The exponential map \(\widetilde{\exp }\) is injective in a neighborhood of the origin.Footnote 4 We call the inverse function the logarithm \(\widetilde{\log }\) which maps Lie group elements \(g\in G\) that are sufficiently close to the identity element \(e\in G\) back to \(\mathbb{R}^{n}\) such that \(\widetilde{\exp }\bigl (\widetilde{\log }(g)\bigr ) = g\).
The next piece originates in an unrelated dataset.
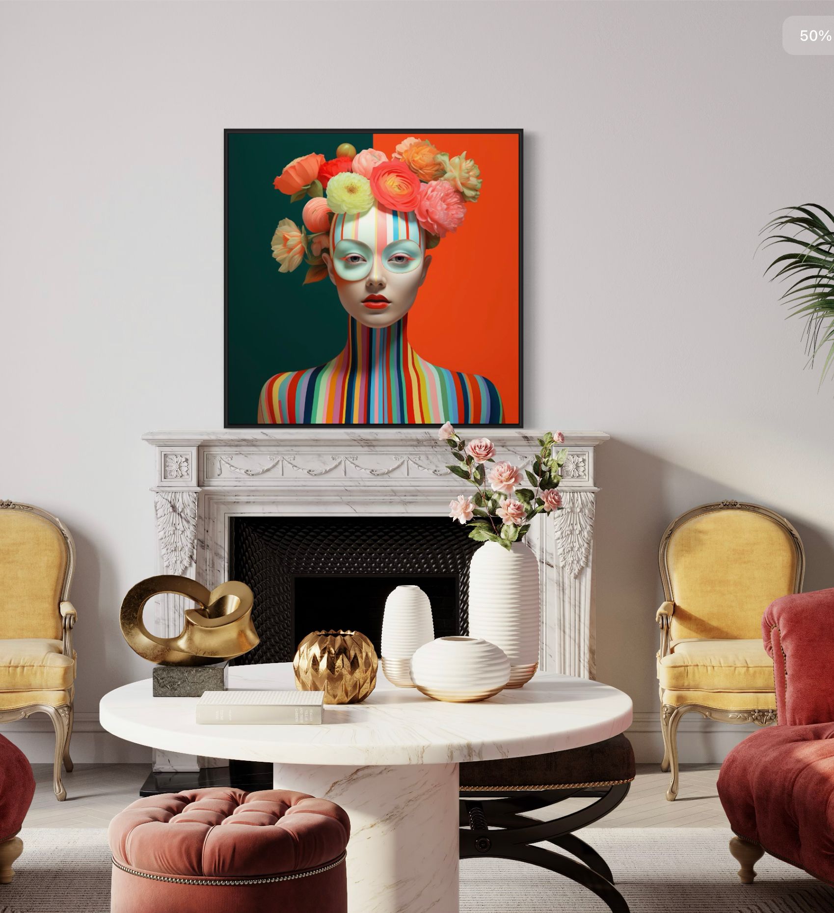 I am fascinated by the possibilities of Artificial Intelligence in creating art. Collaborating with AI, I discover inspiration in unexpected combinations of shapes, colors, and textures, which result in unique design patterns. Many of these creations feel like true works of art, worthy of being displayed on walls, enhancing and complementing the space. This process allows me not only to create but also to experiment with ideas that might otherwise remain in my imagination.

For the Lie group \(\mathbb{S}^{3}\ltimes \mathbb{R}^{3}\), the logarithm is given by

$$ \widetilde{\log }\bigl((p,{\boldsymbol{x}})\bigr) = \begin{bmatrix} \widetilde{\log }_{\mathbb{S}^{3}}(p) \\ {\mathbf{T}}^{-}\bigl(-\widetilde{\log }_{\mathbb{S}^{3}}(p) \bigr)\cdot {\boldsymbol{x}}\end{bmatrix} $$

for \((p,{\boldsymbol{x}})\in \mathbb{S}^{3}\ltimes \mathbb{R}^{3}\) sufficiently close to the identity element, where \(\widetilde{\log }_{\mathbb{S}^{3}}\) is the logarithm of the Lie group \((\mathbb{S}^{3},*)\) and is given in the Appendix.

Hat operator

We will now introduce the hat operator \(\widehat{\bullet }\colon \mathbb{R}^{n}\to \mathbb{R}^{n\times n}\) by the relation

$$ \widetilde{\widehat{{\boldsymbol{a}}}\cdot {\boldsymbol{b}}} = \frac{\mathrm {d}^{2}}{\mathrm {d}s \mathrm {d}t}\sigma _{\boldsymbol{a}}(s)\circ \sigma _{ \boldsymbol{b}}(t)\circ \sigma _{\boldsymbol{a}}(-s)\big|_{s=t=0}, $$

where \(\sigma _{\boldsymbol{a}}\) and \(\sigma _{\boldsymbol{b}}\) are differentiable curves in \(G\) with \(\sigma _{\boldsymbol{a}}(0)=\sigma _{\boldsymbol{b}}(0)=e\) and velocity vectors \({\boldsymbol{a}}\) and \({\boldsymbol{b}}\) at the origin, respectively. We can see that the hat operator is actually the adjoint operator formulated in the language of velocity vectors with the relationFootnote 5

$$ \operatorname{ad}_{\widetilde{{\boldsymbol{a}}}}(\widetilde{{\boldsymbol{b}}}) = \widetilde{\widehat{{\boldsymbol{a}}}\cdot {\boldsymbol{b}}}. $$

In fact, the hat operator is used to write down the tangent operator as well as its inverse in a series from which the closed expressions can be derived:

$$ {\mathbf{T}}({\boldsymbol{w}}) = \sum _{k=0}^{\infty }\frac{(-1)^{k}}{(k+1)!} \widehat{{\boldsymbol{w}}}^{k},\qquad {\mathbf{T}}^{-}({\boldsymbol{w}}) = \sum _{k=0}^{\infty }\frac{(-1)^{k} B_{k}}{k!}\widehat{{\boldsymbol{w}}}^{k}, $$

where \(B_{k}\) are the Bernoulli numbers with \(B_{1} = -1/2\), see [25]. In the case of the Lie group \(\mathbb{S}^{3}\ltimes \mathbb{R}^{3}\), we have

$$ \widehat{\begin{bmatrix}{\boldsymbol{\varOmega }}\\{\boldsymbol{U}}\end{bmatrix}} = \begin{bmatrix} \operatorname{skw}({\boldsymbol{\varOmega }}) & {\mathbf{0}} \\ \operatorname{skw}({\boldsymbol{U}}) & \operatorname{skw}({\boldsymbol{\varOmega }})\end{bmatrix} $$

for \({\boldsymbol{\varOmega }},{\boldsymbol{U}}\in \mathbb{R}^{3}\). Like the tangent operator, the hat operator of \(\mathbb{S}^{3}\ltimes \mathbb{R}^{3}\) coincides with the hat operator of \(\mathrm{SE}(3)\), [33].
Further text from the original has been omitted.